Unlock stock picks and a broker-level newsfeed that powers Wall Street.

Investors Will Want Cerence's (NASDAQ:CRNC) Growth In ROCE To Persist

In This Article:

What trends should we look for it we want to identify stocks that can multiply in value over the long term? Typically, we'll want to notice a trend of growing return on capital employed (ROCE) and alongside that, an expanding base of capital employed. Put simply, these types of businesses are compounding machines, meaning they are continually reinvesting their earnings at ever-higher rates of return. Speaking of which, we noticed some great changes in Cerence's (NASDAQ:CRNC) returns on capital, so let's have a look.

Understanding Return On Capital Employed (ROCE)

For those who don't know, ROCE is a measure of a company's yearly pre-tax profit (its return), relative to the capital employed in the business. Analysts use this formula to calculate it for Cerence:

Return on Capital Employed = Earnings Before Interest and Tax (EBIT) ÷ (Total Assets - Current Liabilities)

0.095 = US$46m ÷ (US$702m - US$217m) (Based on the trailing twelve months to September 2024).

Thus, Cerence has an ROCE of 9.5%. In absolute terms, that's a low return but it's around the Software industry average of 8.3%.

Check out our latest analysis for Cerence

roce
NasdaqGS:CRNC Return on Capital Employed February 4th 2025

In the above chart we have measured Cerence's prior ROCE against its prior performance, but the future is arguably more important. If you'd like to see what analysts are forecasting going forward, you should check out our free analyst report for Cerence .
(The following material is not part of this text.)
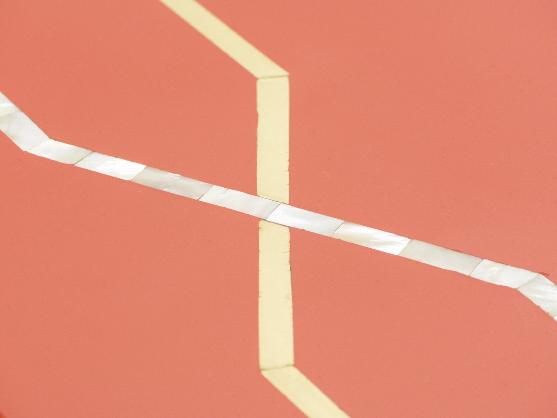 As expected for Hollywood Regency design, the structure feels rich, thick legs made from solid brass. The table top is a lovely red lacquer, inlaid with unique geometric designs of gleaming brass and organic-feeling mother of pearl. The elongated octagonal shape of the table offers a final punch of individuality, shirking the typical oval or rectangle shape. Fully restored to very good vintage condition, this table reveals stunning attention to detail at every bend. It is a fascinating Jansen masterpiece.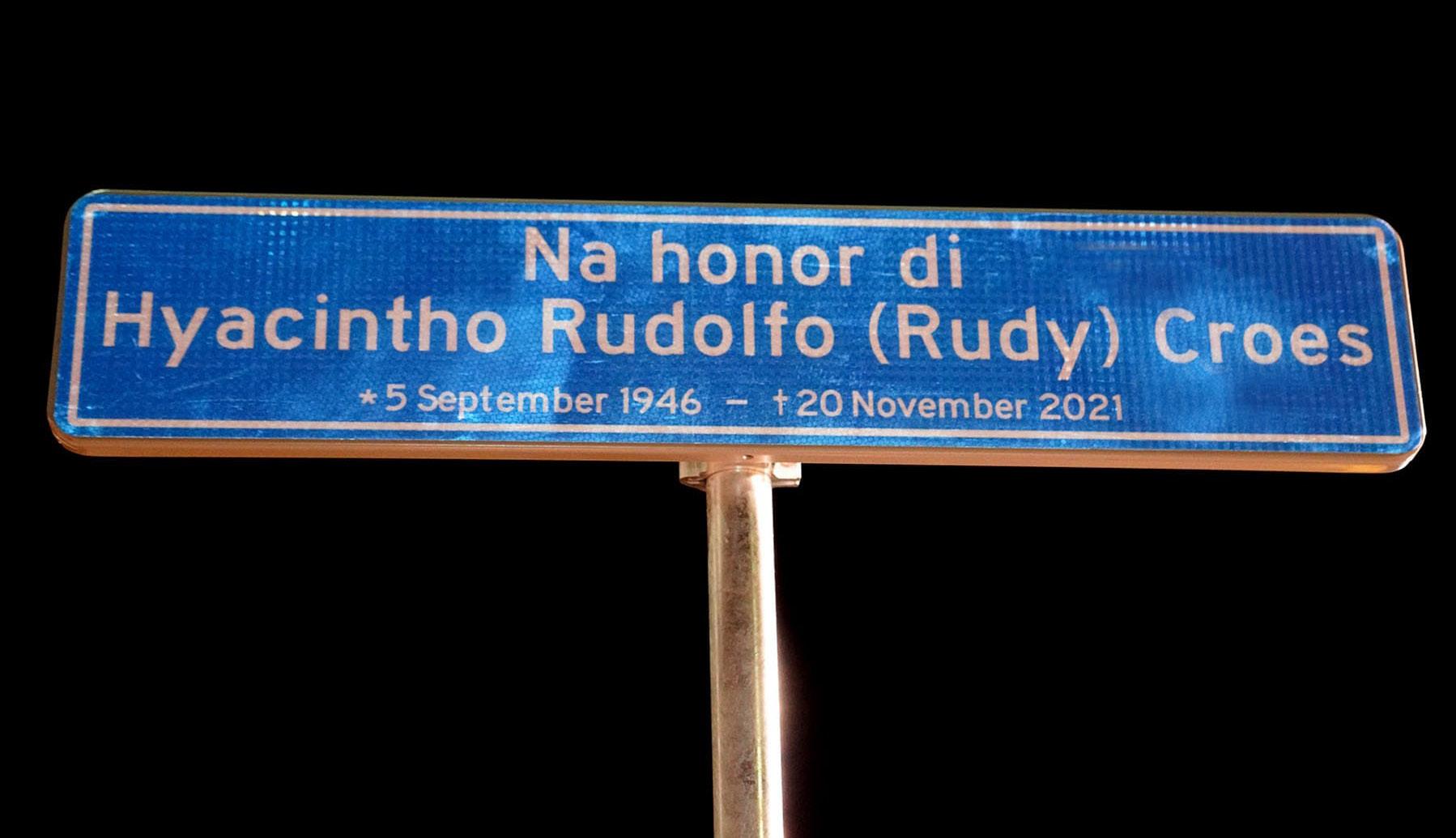 Diabierna 08 di november a tuma luga e ceremonia unda a desvela e borchi di e caya na honor di Hyacintho Rudolfo (Rudy) Croes. E caya ta cuminsa na rotonde di Plaza Status Aparte te na rotonde di ex-Drive inn. Prome Minister Evelyn Wever-Croes tawata presente pa e ocasion importante aki hunto cu coleganan minister y varios parlamentario y colega di Partido MEP. Rudy Croes a nace 5 di september 1946 y a fayece na edad di 75 aña dia 20 di november 2021. Den su carera politicio Rudy a sirbi pais Aruba como Parlamentario y Minister.

What Can We Tell From Cerence's ROCE Trend?

We're pretty happy with how the ROCE has been trending at Cerence. The figures show that over the last five years, returns on capital have grown by 257%. That's a very favorable trend because this means that the company is earning more per dollar of capital that's being employed. Speaking of capital employed, the company is actually utilizing 64% less than it was five years ago, which can be indicative of a business that's improving its efficiency. Cerence may be selling some assets so it's worth investigating if the business has plans for future investments to increase returns further still.

On a side note, we noticed that the improvement in ROCE appears to be partly fueled by an increase in current liabilities. Effectively this means that suppliers or short-term creditors are now funding 31% of the business, which is more than it was five years ago. Keep an eye out for future increases because when the ratio of current liabilities to total assets gets particularly high, this can introduce some new risks for the business.

The Bottom Line On Cerence's ROCE

From what we've seen above, Cerence has managed to increase it's returns on capital all the while reducing it's capital base. And since the stock has fallen 51% over the last five years, there might be an opportunity here. With that in mind, we believe the promising trends warrant this stock for further investigation.